For reasons I will describe below, a positive premium of front month (M1) over spot
VIX normally exists and converges over time. Abnormalities of this behavior indicate
shifting investor sentiment.
The first concept to
understand is that while spot VIX is the current 30-day measure of implied
volatility of SPX options, VIX futures are the measure of the expected
implied volatility on the expiration date for a given month. This means that
the front month VIX futures is further out in the future than the spot VIX.

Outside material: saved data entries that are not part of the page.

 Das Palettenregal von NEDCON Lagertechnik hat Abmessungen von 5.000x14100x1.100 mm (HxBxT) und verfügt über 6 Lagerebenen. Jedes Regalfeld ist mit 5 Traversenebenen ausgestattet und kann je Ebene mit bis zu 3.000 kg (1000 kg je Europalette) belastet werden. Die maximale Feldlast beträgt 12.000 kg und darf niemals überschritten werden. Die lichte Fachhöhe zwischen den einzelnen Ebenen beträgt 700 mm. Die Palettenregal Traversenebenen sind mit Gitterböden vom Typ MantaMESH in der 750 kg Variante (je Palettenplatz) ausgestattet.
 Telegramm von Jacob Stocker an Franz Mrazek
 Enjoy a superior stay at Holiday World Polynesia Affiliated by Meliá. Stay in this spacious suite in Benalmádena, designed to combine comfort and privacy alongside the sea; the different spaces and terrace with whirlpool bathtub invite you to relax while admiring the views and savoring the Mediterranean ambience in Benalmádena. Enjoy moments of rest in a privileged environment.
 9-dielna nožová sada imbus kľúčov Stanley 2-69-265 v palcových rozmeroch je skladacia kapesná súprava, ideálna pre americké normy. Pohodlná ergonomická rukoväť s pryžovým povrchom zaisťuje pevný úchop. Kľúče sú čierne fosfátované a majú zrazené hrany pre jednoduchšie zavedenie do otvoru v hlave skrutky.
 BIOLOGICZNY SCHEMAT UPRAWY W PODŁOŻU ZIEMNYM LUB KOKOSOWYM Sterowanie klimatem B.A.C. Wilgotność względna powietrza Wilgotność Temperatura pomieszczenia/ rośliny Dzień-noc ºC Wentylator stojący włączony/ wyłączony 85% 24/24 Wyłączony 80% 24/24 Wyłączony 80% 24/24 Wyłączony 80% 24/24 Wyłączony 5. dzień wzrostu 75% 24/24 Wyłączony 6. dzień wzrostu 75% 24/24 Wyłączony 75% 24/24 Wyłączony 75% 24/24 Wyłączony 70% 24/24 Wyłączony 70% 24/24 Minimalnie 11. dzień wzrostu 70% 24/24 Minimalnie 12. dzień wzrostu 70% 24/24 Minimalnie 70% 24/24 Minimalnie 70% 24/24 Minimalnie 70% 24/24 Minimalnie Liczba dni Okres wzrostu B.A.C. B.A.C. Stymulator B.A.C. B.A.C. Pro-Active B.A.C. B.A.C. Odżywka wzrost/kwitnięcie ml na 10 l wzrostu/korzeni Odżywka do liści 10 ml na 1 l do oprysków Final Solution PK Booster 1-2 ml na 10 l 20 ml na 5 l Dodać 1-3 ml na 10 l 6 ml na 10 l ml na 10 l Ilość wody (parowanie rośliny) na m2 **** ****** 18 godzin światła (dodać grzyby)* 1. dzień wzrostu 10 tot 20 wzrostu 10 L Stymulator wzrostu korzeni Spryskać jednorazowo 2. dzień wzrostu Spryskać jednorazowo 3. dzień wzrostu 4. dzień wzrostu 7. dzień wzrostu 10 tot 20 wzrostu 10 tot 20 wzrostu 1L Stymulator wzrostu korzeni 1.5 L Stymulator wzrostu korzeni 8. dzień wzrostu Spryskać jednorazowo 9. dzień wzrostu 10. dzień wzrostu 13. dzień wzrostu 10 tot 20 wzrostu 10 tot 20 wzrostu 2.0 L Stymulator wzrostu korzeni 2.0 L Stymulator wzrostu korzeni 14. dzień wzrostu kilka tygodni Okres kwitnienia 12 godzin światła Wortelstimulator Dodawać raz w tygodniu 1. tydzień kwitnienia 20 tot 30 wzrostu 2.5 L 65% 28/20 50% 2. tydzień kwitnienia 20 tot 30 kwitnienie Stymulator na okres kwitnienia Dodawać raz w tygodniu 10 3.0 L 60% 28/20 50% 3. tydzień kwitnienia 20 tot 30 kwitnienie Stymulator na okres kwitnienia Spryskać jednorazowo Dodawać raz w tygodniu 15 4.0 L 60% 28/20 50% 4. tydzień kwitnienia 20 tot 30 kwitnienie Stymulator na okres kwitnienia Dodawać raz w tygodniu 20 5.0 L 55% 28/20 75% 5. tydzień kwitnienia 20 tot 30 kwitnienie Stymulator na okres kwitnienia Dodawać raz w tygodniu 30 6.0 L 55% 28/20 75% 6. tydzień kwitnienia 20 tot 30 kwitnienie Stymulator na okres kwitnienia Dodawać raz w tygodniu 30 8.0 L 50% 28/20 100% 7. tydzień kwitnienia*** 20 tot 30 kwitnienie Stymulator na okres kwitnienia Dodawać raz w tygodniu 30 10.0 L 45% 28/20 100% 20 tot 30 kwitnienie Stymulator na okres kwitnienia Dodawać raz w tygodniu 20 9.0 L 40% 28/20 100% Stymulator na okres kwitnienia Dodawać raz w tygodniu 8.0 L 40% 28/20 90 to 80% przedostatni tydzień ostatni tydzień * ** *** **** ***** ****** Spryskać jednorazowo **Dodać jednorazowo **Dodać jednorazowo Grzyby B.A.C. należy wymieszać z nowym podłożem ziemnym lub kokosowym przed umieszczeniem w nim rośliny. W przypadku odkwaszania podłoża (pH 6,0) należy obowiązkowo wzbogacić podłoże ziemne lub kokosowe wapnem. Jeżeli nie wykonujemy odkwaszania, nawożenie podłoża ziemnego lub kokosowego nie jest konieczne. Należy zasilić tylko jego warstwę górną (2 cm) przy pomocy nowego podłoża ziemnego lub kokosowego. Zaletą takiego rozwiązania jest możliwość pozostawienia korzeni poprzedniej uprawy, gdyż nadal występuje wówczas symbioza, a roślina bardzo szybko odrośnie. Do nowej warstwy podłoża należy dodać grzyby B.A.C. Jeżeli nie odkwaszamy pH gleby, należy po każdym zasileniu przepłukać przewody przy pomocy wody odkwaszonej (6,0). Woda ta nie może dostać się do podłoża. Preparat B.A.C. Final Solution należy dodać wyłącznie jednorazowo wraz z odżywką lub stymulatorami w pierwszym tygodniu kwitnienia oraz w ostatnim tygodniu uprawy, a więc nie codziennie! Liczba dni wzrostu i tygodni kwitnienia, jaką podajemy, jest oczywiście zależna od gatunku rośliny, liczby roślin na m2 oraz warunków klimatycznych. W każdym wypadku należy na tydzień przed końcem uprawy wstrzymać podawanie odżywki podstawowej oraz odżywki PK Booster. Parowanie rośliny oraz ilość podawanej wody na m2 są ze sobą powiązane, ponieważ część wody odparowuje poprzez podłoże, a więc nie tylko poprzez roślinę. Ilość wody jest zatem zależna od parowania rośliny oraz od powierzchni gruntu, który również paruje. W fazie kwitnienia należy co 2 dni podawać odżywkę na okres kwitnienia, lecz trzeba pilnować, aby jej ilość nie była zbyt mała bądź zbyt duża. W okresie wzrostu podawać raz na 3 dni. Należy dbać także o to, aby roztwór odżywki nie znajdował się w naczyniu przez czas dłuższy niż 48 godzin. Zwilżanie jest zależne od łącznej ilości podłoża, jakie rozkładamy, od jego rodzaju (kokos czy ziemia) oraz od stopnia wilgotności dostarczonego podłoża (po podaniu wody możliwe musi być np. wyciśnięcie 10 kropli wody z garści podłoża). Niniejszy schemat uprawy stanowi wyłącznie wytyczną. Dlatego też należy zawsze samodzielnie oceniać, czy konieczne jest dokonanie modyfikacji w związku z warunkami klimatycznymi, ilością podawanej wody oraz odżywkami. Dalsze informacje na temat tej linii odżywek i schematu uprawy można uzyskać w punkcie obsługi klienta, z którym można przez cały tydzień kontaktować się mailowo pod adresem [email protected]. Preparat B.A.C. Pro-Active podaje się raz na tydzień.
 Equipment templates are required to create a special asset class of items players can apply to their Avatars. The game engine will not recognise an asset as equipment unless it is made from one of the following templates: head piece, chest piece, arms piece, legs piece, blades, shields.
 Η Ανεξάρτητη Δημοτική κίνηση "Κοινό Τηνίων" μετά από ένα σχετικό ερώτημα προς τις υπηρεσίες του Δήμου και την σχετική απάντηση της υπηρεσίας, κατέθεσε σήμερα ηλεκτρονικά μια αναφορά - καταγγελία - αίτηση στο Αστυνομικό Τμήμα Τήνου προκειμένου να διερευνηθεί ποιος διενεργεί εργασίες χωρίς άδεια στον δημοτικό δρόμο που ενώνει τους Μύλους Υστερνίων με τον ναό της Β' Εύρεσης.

Once the expiration date for the front month is reached it expires and VIX
futures roll over to use the next month as front month.
The second concept is
that the prices for each month of VIX futures create a curve called the
term structure (you can see a visualization of the term structure in my
previous post here). Normally the term structure is shaped such
that VIX futures that are further out are more expensive than nearer months, a
condition known as contango.
By combining these two
concepts you can see that there is usually a premium of M1 over spot VIX since M1 is
further out in in the future than spot VIX and the term structure is
in contango. Now since spot VIX in a constant 30-day measure of volatility and
M1 is forward implied volatility on a fixed day for the next month, the amount
of premium gradually decreases as we approach the expiration date.
The chart below provides
a 55 month view of the daily reading of the percentage of M1 above (or
below) spot VIX. Note the periods circled in red where the value go
briefly and shallowly negative followed by a spike downwards where VIX becomes
much larger than M1 as the markets sell off and traders drive up the value of
the spot VIX. This can be contrasted by the more confident periods in which spot
VIX remains below M1 for a prolonged duration indicating a more confident
market (see green "floors").
The downdrafts
identified on the charts started on the following dates:
1) 9/9/2008 (subprime crash)
2) 5/6/2010 (flash crash/Greece debt
problems)
3) 3/16/2011 (Libya skirmish)
4) 7/27/2011 (Debt ceiling crash)5) TBD
As you
can see, the market provides useful signals when sentiment is changing and is
starting to get unstable. As market sentiment changes for the worse, you
will see a gradual change in the term structure where the spot VIX rises above
front month futures, a condition defined as backwardation. There will be occasional periods of slight backwardation before a more pronounced
upward move in the spot VIX which is typically accompanied by a marked downturn
in the market (S&P 500).
These
movements are not just a coincidence -- it explains investor sentiment. When
the general market is doing well, investors tend to get complacent and expect
that it will continue to do well. They continue to add to long positions
(often with leverage) and do not have much interest in buying and holding
options for protection. However these brief dips into backwardation suggest
that options are underpriced and rise after a series of events remind investors
of broad market risk. They start buying protective puts -- initially in
smaller quantities and holding only briefly, followed eventually by broad
buying of protection driving up both spot VIX and VIX futures as market
risk materializes.
For VIX
traders out there this means that there is an increased risk with long XIV
positions and extra caution is warranted in the coming month(s).